Проходя по необитаемой части дома, она ничего не говорила о свернутой бумаге, которую положила в руку мужа. Все ее внимание, казалось, было теперь устремлено на то, чтобы заботливо смотреть на каждое место; по которому ступал Леонард, и удостоверяться, прочно ли и безопасно оно. Всегда неусыпная и заботливая во время прогулок с мужем, она теперь как будто страшно боялась, чтобы с ним не случилось малейшего приключения. Сходя по ступенькам лестницы, она останавливалась и спрашивала, не чувствует ли он боли в колене после ушиба об стул. На последней ступеньке она опять остановилась и отбросила ногою изорванные остатки старого коврика, чтобы Леонард не мог зацепиться за них. Он добродушно смеялся над этою чрезмерною заботливостью и спрашивал, есть ли какая возможность при всех этих остановках вовремя прийти к обеду. Розамонда не находилась, что возражать, смех мужа не отдавался весело в ее сердце; она только отвечала, что всякая забота о нем никогда не может быть лишнею. После этого наступило молчание, среди которого они дошли до дверей комнаты ключницы.
Оставив на минуту мужа у двери, Розамонда взошла и отдала ключи мистрисс Пентрис.
— Боже мой! — вскричала ключница, — вас, сударыня, кажется, совсем измучил жар и спертый воздух этих старых комнат. Не прикажете ли подать вам стакан воды?
Розамонда отказалась.
— А что, сударыня, — продолжала ключница, — смею спросить: нашли ли вы что-нибудь в северных комнатах?
— Несколько старых бумаг и больше ничего, — отвечала Розамонда, отвернувшись.
— Позвольте мне еще узнать: в случае, кто из соседей приедет сегодня?..
— Мы заняты, — коротко отвечала Розамонда. — Кто бы там ни был, мы оба заняты. — И мистрисс Фрэнклэнд вышла из комнаты.
Ту же заботливость, с какою Розамонда вела мужа до этого места, она выказала и теперь, ведя его дальше по лестнице. Так как дверь от библиотеки была случайно отперта, то они прошли через нее к зале, которая была самою большою и прохладною комнатою. Усадив мужа в кресло, Розамонда вернулась в библиотеку и взяла там со стола поднос с графином воды и стаканом, которые она заметила, проходя через эту комнату.
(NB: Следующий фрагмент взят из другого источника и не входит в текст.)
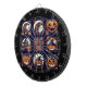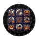 This vibrant and colourful illustration features a collection of Halloween-themed designs, centred around pumpkins. There are pumpkins with spooky faces, pumpkins with witches' hats, and pumpkins surrounded by bats and stars. Other elements include ghosts, skulls, and swirling patterns. The overall mood of the image is festive, spooky, and slightly eerie, perfect for Halloween celebrations.
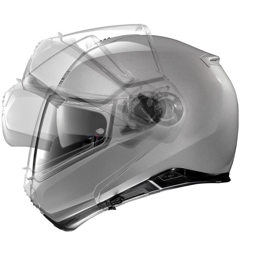 Posizionato all’interno del casco, è stampato in LEXANTM* e prevede trattamento S/R (Scratch Resistant – resistente al graffio) e F/R (Fog Resistant – resistente all’appannamento). Offre protezione UV sino a 400 nanometri e può essere facilmente smontato, quando non necessario oppure per manutenzione e pulizia.Il sistema di azionamento (brevettato) consente il richiamo automatico dello schermo parasole in posizione di non utilizzo. In tal modo, risultano semplificate le eventuali manovre di emergenza derivanti dalla necessità di ripristinare rapidamente la massima visibilità offerta dalla visiera, come ad esempio accade quando si entra in un tunnel. * LEXANTM E’ UN MARCHIO REGISTRATO DI SABIC

Принеся воду в залу, она без шума затворила сначала дверь, ведущую в библиотеку, потом дверь в коридор. Леонард, заслышав ее шаги, посоветовал ей усесться отдохнуть на софе. Она ласково потрепала его по щеке и уже готова была отвечать, когда случайно увидела лицо свое в зеркале, висевшем против нее. При виде бледных щек и сверкающих глаз слова остановились на губах ее, и она поспешила к окну, чтобы дохнуть свежим воздухом, который мог донестись к ней с моря.
Жаркий пар все еще закрывал горизонт. Ближе бесцветная поверхность воды была едва видна и от времени до времени подымалась огромною, тихою волною, которая медленно катилась и исчезала в паре тумана. У самого берега не шумели волны; все было тихо, и только изредка быстрый удар и тихий плеск возвещали о падении маленькой волны на горячий песок. На террасе против дома рой летних насекомых казался лишенным жизни и движения. Не было видно ни одного человеческого лица, ни один парус не был на море, ни одна струя воздуха не шевелила листьев растений, ползущих по стене дома, и не освежала цветов, расставленных на окнах. Розамонда с минуту посмотрела на этот утомительный, однообразный вид и отошла от окна. В это время Леонард обратился к ней с вопросом.
— Скажи же мне, что за драгоценность заключается в этой бумаге? — спросил он, вынимая письмо и с улыбкою раскрывая его. — Тут, вероятно, кроме чернил, есть еще порошок какой-нибудь бесцветный или банковый билет на баснословную сумму?
Сердце Розамонды сильно забилось, когда он раскрыл письмо и провел пальцем по написанному, с притворным выражением беспокойства и насмешливо высказывая желание получить часть сокровищ, найденных в Портдженне его женою.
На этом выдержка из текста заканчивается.